Required action: An exact copy of all the records is the expected answer.
+--
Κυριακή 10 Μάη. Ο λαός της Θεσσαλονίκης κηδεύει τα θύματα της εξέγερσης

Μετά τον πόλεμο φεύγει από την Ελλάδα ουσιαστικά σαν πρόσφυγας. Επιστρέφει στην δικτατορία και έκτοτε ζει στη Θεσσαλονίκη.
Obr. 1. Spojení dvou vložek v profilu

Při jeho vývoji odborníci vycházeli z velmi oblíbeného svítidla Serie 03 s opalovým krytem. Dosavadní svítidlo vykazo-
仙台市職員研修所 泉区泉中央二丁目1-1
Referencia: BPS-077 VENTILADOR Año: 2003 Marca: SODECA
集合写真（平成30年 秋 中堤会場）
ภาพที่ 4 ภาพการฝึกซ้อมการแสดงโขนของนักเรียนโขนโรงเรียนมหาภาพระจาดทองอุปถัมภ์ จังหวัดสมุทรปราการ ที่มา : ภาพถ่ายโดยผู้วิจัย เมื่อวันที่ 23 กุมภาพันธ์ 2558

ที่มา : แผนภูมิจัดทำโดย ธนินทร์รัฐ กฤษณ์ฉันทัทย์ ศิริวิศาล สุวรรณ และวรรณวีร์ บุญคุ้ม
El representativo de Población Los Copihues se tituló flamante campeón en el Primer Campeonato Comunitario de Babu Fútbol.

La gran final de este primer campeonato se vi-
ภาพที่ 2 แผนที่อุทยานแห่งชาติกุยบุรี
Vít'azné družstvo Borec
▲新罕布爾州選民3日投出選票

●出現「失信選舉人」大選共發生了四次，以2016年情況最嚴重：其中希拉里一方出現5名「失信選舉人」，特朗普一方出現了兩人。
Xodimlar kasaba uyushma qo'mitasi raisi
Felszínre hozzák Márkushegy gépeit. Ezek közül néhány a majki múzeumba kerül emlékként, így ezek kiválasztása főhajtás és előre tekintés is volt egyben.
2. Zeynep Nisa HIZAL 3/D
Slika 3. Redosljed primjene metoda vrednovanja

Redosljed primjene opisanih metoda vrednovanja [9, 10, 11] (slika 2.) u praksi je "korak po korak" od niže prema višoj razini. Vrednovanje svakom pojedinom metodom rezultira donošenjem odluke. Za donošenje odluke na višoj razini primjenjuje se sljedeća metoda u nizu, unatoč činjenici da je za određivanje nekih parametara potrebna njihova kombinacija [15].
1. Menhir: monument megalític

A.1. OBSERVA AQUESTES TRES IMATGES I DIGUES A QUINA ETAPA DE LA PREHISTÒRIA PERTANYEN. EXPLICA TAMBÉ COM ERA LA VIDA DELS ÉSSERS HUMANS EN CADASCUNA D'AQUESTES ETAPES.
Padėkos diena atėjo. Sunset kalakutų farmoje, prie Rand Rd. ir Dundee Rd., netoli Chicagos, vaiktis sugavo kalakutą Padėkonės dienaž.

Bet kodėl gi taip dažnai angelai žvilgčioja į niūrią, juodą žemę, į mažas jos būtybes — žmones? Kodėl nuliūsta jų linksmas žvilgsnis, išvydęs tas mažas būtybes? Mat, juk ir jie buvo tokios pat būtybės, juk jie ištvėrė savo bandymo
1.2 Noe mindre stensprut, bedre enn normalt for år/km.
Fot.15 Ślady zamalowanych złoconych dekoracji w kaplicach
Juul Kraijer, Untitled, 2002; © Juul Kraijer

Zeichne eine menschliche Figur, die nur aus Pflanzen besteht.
+--
Answer below:
Κυριακή 10 Μάη. Ο λαός της Θεσσαλονίκης κηδεύει τα θύματα της εξέγερσης

Μετά τον πόλεμο φεύγει από την Ελλάδα ουσιαστικά σαν πρόσφυγας. Επιστρέφει στην δικτατορία και έκτοτε ζει στη Θεσσαλονίκη.
Obr. 1. Spojení dvou vložek v profilu

Při jeho vývoji odborníci vycházeli z velmi oblíbeného svítidla Serie 03 s opalovým krytem. Dosavadní svítidlo vykazo-
仙台市職員研修所 泉区泉中央二丁目1-1
Referencia: BPS-077 VENTILADOR Año: 2003 Marca: SODECA
集合写真（平成30年 秋 中堤会場）
ภาพที่ 4 ภาพการฝึกซ้อมการแสดงโขนของนักเรียนโขนโรงเรียนมหาภาพระจาดทองอุปถัมภ์ จังหวัดสมุทรปราการ ที่มา : ภาพถ่ายโดยผู้วิจัย เมื่อวันที่ 23 กุมภาพันธ์ 2558

ที่มา : แผนภูมิจัดทำโดย ธนินทร์รัฐ กฤษณ์ฉันทัทย์ ศิริวิศาล สุวรรณ และวรรณวีร์ บุญคุ้ม
El representativo de Población Los Copihues se tituló flamante campeón en el Primer Campeonato Comunitario de Babu Fútbol.

La gran final de este primer campeonato se vi-
ภาพที่ 2 แผนที่อุทยานแห่งชาติกุยบุรี
Vít'azné družstvo Borec
▲新罕布爾州選民3日投出選票

●出現「失信選舉人」大選共發生了四次，以2016年情況最嚴重：其中希拉里一方出現5名「失信選舉人」，特朗普一方出現了兩人。
Xodimlar kasaba uyushma qo'mitasi raisi
Felszínre hozzák Márkushegy gépeit. Ezek közül néhány a majki múzeumba kerül emlékként, így ezek kiválasztása főhajtás és előre tekintés is volt egyben.
2. Zeynep Nisa HIZAL 3/D
Slika 3. Redosljed primjene metoda vrednovanja

Redosljed primjene opisanih metoda vrednovanja [9, 10, 11] (slika 2.) u praksi je "korak po korak" od niže prema višoj razini. Vrednovanje svakom pojedinom metodom rezultira donošenjem odluke. Za donošenje odluke na višoj razini primjenjuje se sljedeća metoda u nizu, unatoč činjenici da je za određivanje nekih parametara potrebna njihova kombinacija [15].
1. Menhir: monument megalític

A.1. OBSERVA AQUESTES TRES IMATGES I DIGUES A QUINA ETAPA DE LA PREHISTÒRIA PERTANYEN. EXPLICA TAMBÉ COM ERA LA VIDA DELS ÉSSERS HUMANS EN CADASCUNA D'AQUESTES ETAPES.
Padėkos diena atėjo. Sunset kalakutų farmoje, prie Rand Rd. ir Dundee Rd., netoli Chicagos, vaiktis sugavo kalakutą Padėkonės dienaž.

Bet kodėl gi taip dažnai angelai žvilgčioja į niūrią, juodą žemę, į mažas jos būtybes — žmones? Kodėl nuliūsta jų linksmas žvilgsnis, išvydęs tas mažas būtybes? Mat, juk ir jie buvo tokios pat būtybės, juk jie ištvėrė savo bandymo
1.2 Noe mindre stensprut, bedre enn normalt for år/km.
Fot.15 Ślady zamalowanych złoconych dekoracji w kaplicach
Juul Kraijer, Untitled, 2002; © Juul Kraijer

Zeichne eine menschliche Figur, die nur aus Pflanzen besteht.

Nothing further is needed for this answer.